I certainly am not an expert in this area, but I do know that they are used for various things including phone calls, texting, internet access, storing pictures and personal data, and much much more. Every time they are used, an internal record is made.
Unfortunately, a few people use them for illegal activities, which are also recorded.
Law enforcement knows this, and when investigating a suspect’s criminal actions and have legally come into possession of the suspect’s cell phone by way of a search warrant or an arrest, it is common for them to have the phone’s contents forensically examined to determine if there is evidence of a crime.
However, since the Fourth Amendment to the United States
Constitution provides that we have the right to be secure from our personal property being unreasonably searched and seized, there are many legal questions which arise as to cell phone searches.
One question is if the police have the right to search a legally possessed phone’s contents without a search warrant.
Until 2014, courts had various opinions on the answer. In that year the United States Supreme Court gave the final answer in Riley v California and held that due to a defendant’s expectation of privacy rights, a search warrant was required.

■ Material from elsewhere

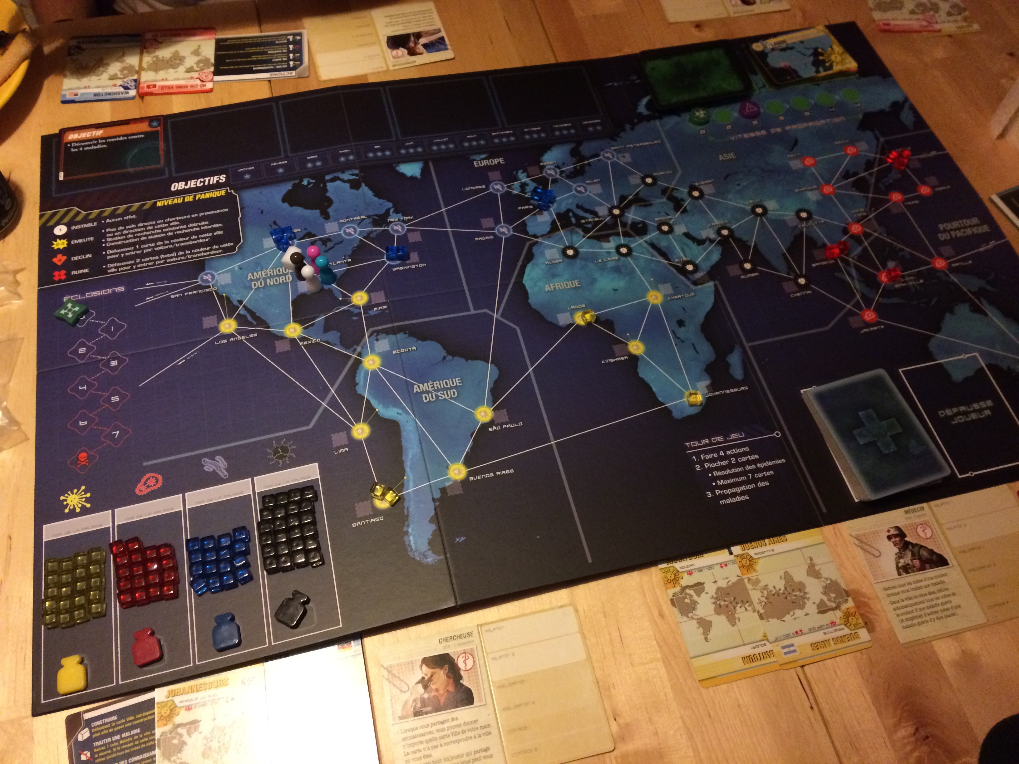 Par contre, j’ai malheureusement relevé un erreur de règle dans les sessions que j’ai lu, avec un impact assez important sur le niveau de difficulté à long terme : Il est possible d’améliorer avec une mutation positive uniquement si la maladie a été éradiquée (et non pas seulement guérie). J’ai relevé au moins 1 fois le soucis (en février pour la maladie jaune) et peut-être encore plus tard ? J’espère que ça n’aura pas trop détérioré ton expérience de jeu à la longue… J’ai préféré l’indiquer ici pour d’éventuels lecteurs qui passeraient par là.

What wasn’t answered is the collateral question of what happens when the police legally search a phone for evidence of one crime and inadvertently discover evidence of another.
Again, courts have taken different views on the answer to this question.
In Michigan the issue was settled in 2020 by the Michigan Supreme Court in People v Hughes. In Hughes, a defendant’s cell phone was searched pursuant to a warrant providing authorization for locating evidence of cocaine and other illegally possessed controlled substances. The police found that evidence and additional evidence that the defendant had committed an unrelated armed robbery.
The court held that under those circumstances, a second search warrant for the armed robbery evidence was required.
Nationally the split of authority continues.
To borrow a line from the song of the same name, I’m sure the United States Supreme Court will weigh in on this issue “someday soon.”